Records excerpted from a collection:
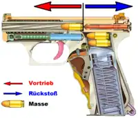 يتسبب ضغط الغاز الناتج عن البارود في توليد قوة الارتداد. وتؤثر تلك القوة لمدة قصيرة على البندقية حيث يعتمد تغير مسيرة قوة الارتداد على تغير ضغط الغاز بعد اشتعال البارود في ماسورة البندقية.
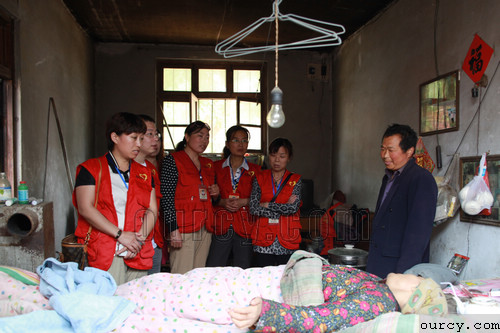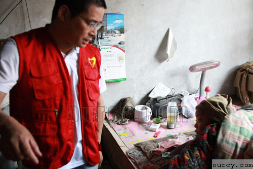 董建国今年55岁,因小儿麻痹症致残,独居,行走困难,靠用旧自行车改造的手摇三轮行动,村委提供两间旧办公室充其居所并为其提供糊口粮食。董建国尽管贫困残疾、无收入来源,但收拾得两间房子干净利索,听说我们要来探望,还特别患上了干净整洁的新衣服。看着大家带来的衣服和慰问品,拿着义工们热情捐助的爱心款,他连声说:“谢谢你们,谢谢你们,还为我花钱。”
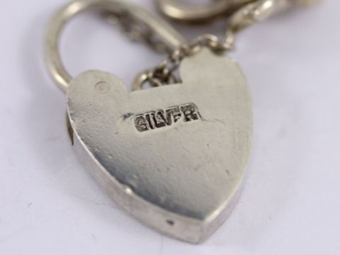 Here for sale we have this beautiful ladies curb chain bracelet, made from sterling silver with a lovely heart padlock clasp.
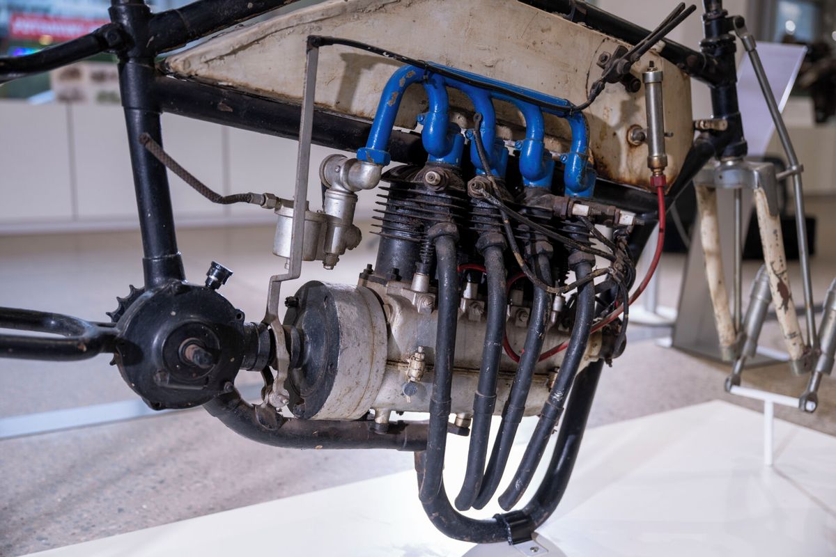 Výjimečnost tohoto konkrétního stroje podtrhuje fakt, že jde o vrcholný, třetí vývojový stupeň původní konstrukce. Zatímco první verze byly v podstatě jen čtyři jednoválce poskládané za sebou, exemplář vystavený v muzeu disponuje plnohodnotným řadovým čtyřválcem s třikrát uloženým klikovým hřídelem.
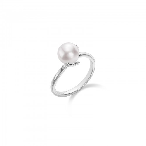 Mikimoto Akoya Cultured Pearl & Diamond Ring in platinum with diamonds totaling 0.39 carats.
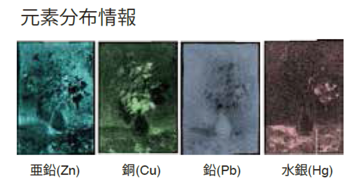 また、作品をスキャンして得られる元素像と透過X線像を組み合わせることで、絵の具の下に重ね描きされた絵の発見や、過去の修復履歴を確認することも可能です。このように、蛍光X線分析は非破壊・非接触の分析手法として文化財や美術品の調査に貢献しています。

Exercise brief ->
Give back word for word the lines from the one containing "董建国今年55岁,因小儿麻痹" through the final line of the data above. Pictures are to be left out.

Final answer ->
 董建国今年55岁,因小儿麻痹症致残,独居,行走困难,靠用旧自行车改造的手摇三轮行动,村委提供两间旧办公室充其居所并为其提供糊口粮食。董建国尽管贫困残疾、无收入来源,但收拾得两间房子干净利索,听说我们要来探望,还特别患上了干净整洁的新衣服。看着大家带来的衣服和慰问品,拿着义工们热情捐助的爱心款,他连声说:“谢谢你们,谢谢你们,还为我花钱。”
 Here for sale we have this beautiful ladies curb chain bracelet, made from sterling silver with a lovely heart padlock clasp.
 Výjimečnost tohoto konkrétního stroje podtrhuje fakt, že jde o vrcholný, třetí vývojový stupeň původní konstrukce. Zatímco první verze byly v podstatě jen čtyři jednoválce poskládané za sebou, exemplář vystavený v muzeu disponuje plnohodnotným řadovým čtyřválcem s třikrát uloženým klikovým hřídelem.
 Mikimoto Akoya Cultured Pearl & Diamond Ring in platinum with diamonds totaling 0.39 carats.
 また、作品をスキャンして得られる元素像と透過X線像を組み合わせることで、絵の具の下に重ね描きされた絵の発見や、過去の修復履歴を確認することも可能です。このように、蛍光X線分析は非破壊・非接触の分析手法として文化財や美術品の調査に貢献しています。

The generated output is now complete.